Close by is Reynisfjara Beach, a black sand beach with basalt rock formations. Last time I was here in 2014 with my father it was pouring rain so I didn’t have a chance to take great quality photos. This time it was windy as anything, but at least the sun was shining.

Next up was the Solheimasandur Plane Wreck. You used to be able to drive right up to the crash site, however the road was closed many after numerous people got stuck in the soft black sand. The hike there is about 7.4km return, and took me only about 1.25 hours. In November 1973, a Douglas Dakota C-117 airplane was making a return trip to Keflavik airport after delivering cargo to a radar station near Hornafjörður in East Iceland. While flying back, the plane gradually started to lose power and altitude, and were forced to crash land on Solheimasandur. Some speculate that the plane ran out of fuel when the pilot accidentally switched to the wrong fuel tank, while others speculate that the plane crashed because of ice buildup on the wings during a storm. Keeping with the stormy conditions these pilots had to endure I nearly crashed my drone when the windy conditions worsened and started to sweep my drone away from me. I had to run after it a few hundred metres before it pseudo crash landed in the black sand.
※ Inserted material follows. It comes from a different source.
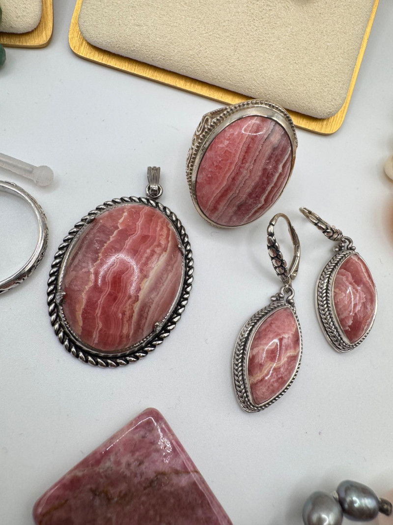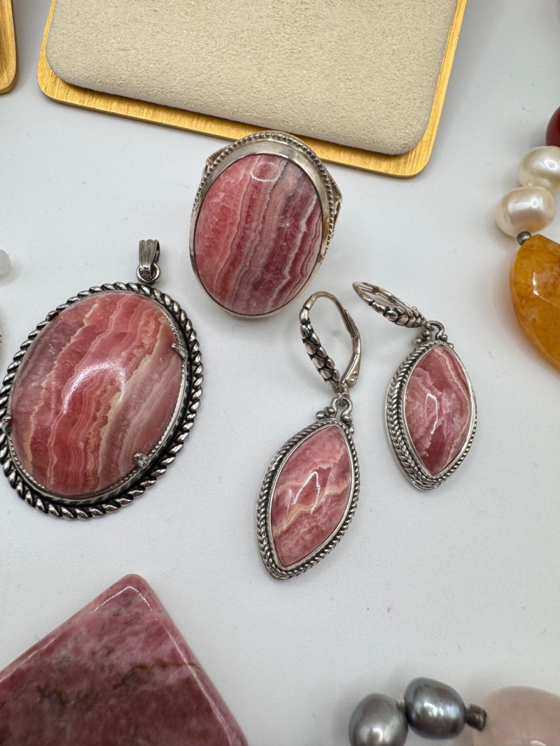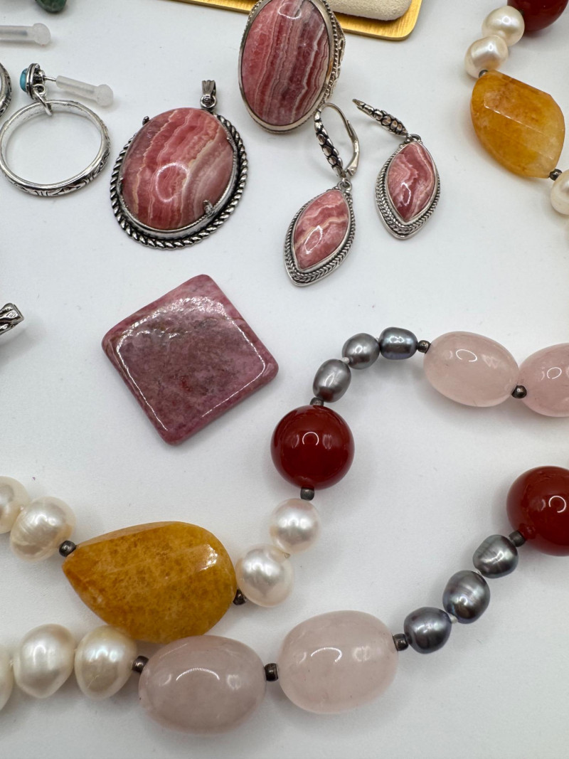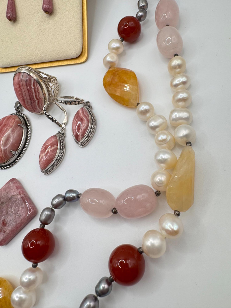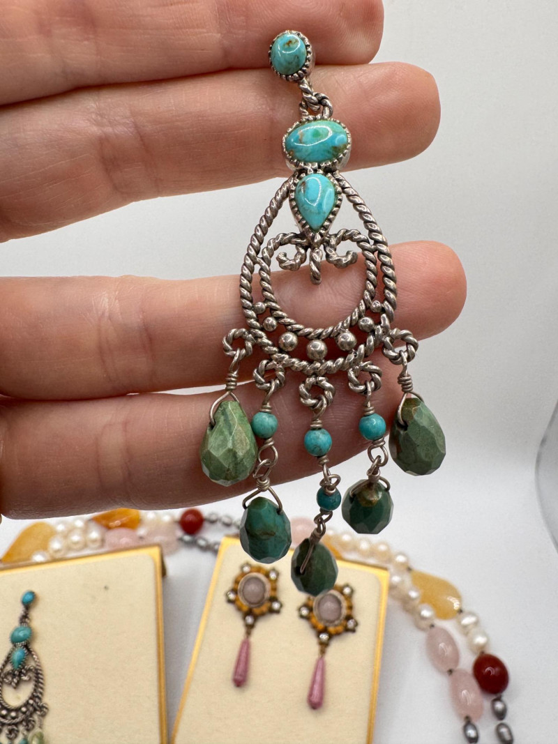 Sterling & Natural Stone Jewelry - Extra Long Necklace, Earrings +
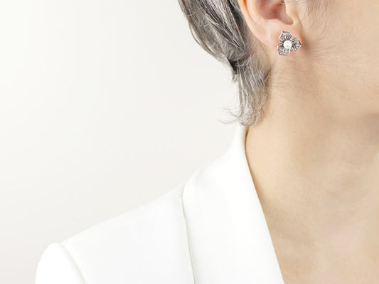 Brincos Flor Larga com Pérola, Filigrana Portuguesa, Prata de Lei 925

It was getting fairly late so it was time for me to start the 2 hour long drive back to Reykjavik. I stopped at Tommi’s Burger Joint for dinner, which was recommended to me by someone the previous day, and it certainly didn’t disappoint.

After dinner I went back to the hotel and was ready for bed, as it was nearly 10pm at this point in time. Be sure to check back shortly for the next installment in my Iceland series where I visit Glymur Falls, and soak in Reykjadalur Hot Springs Thermal River.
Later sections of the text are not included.